**Data block**

<<<<

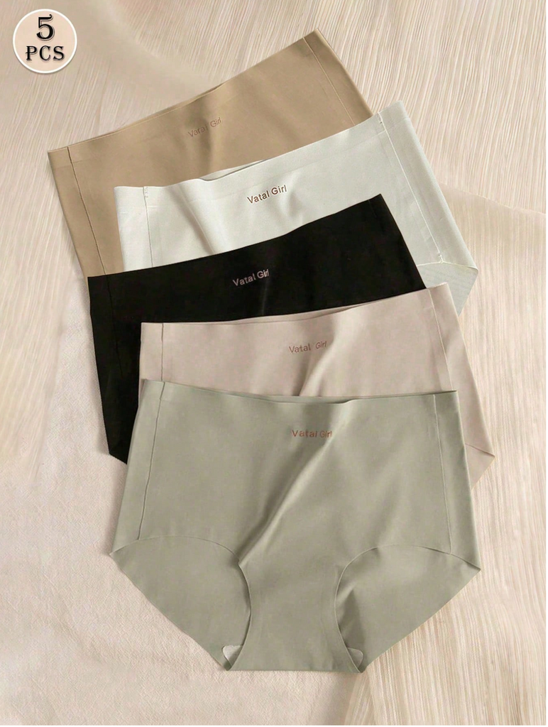 5pcs Seamless Mulberry Silk Antibacterial Gusset Underwear, Mid-Waist Sports Shorts For Women, Yoga &
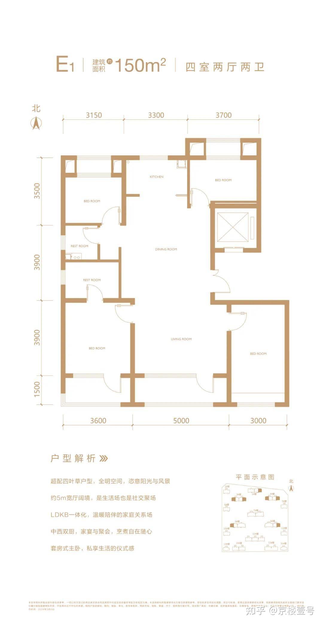 约150平是超配四叶草户型,主卧套房,私享生活不被打扰,全明空间,享受更恣意的阳光与风景,约5m宽厅阔境成为业主生活场和社交聚场。
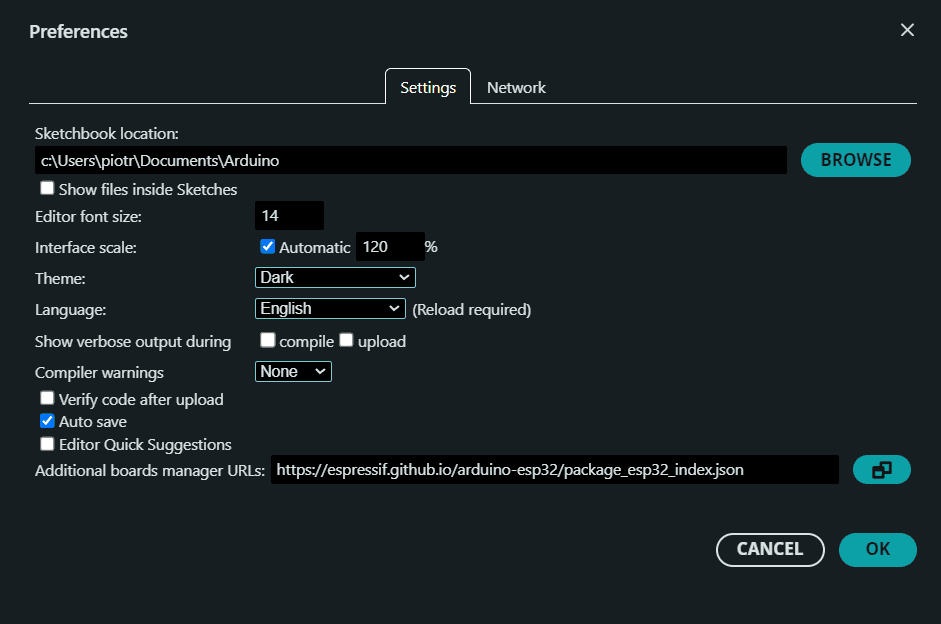 Domyślnie Arduino IDE nie obsługuje płytek ESP32, dlatego musimy dodać odpowiednie repozytorium.
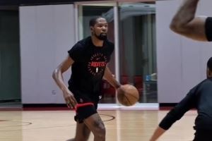 中投机器!火箭官推晒杜兰特投篮训练片段:轻松取分

>>>>

**What the task asks**
Print all the lines above exactly as they are, but without the pictures.

**Problem solution**
 5pcs Seamless Mulberry Silk Antibacterial Gusset Underwear, Mid-Waist Sports Shorts For Women, Yoga &
 约150平是超配四叶草户型,主卧套房,私享生活不被打扰,全明空间,享受更恣意的阳光与风景,约5m宽厅阔境成为业主生活场和社交聚场。
 Domyślnie Arduino IDE nie obsługuje płytek ESP32, dlatego musimy dodać odpowiednie repozytorium.
 中投机器!火箭官推晒杜兰特投篮训练片段:轻松取分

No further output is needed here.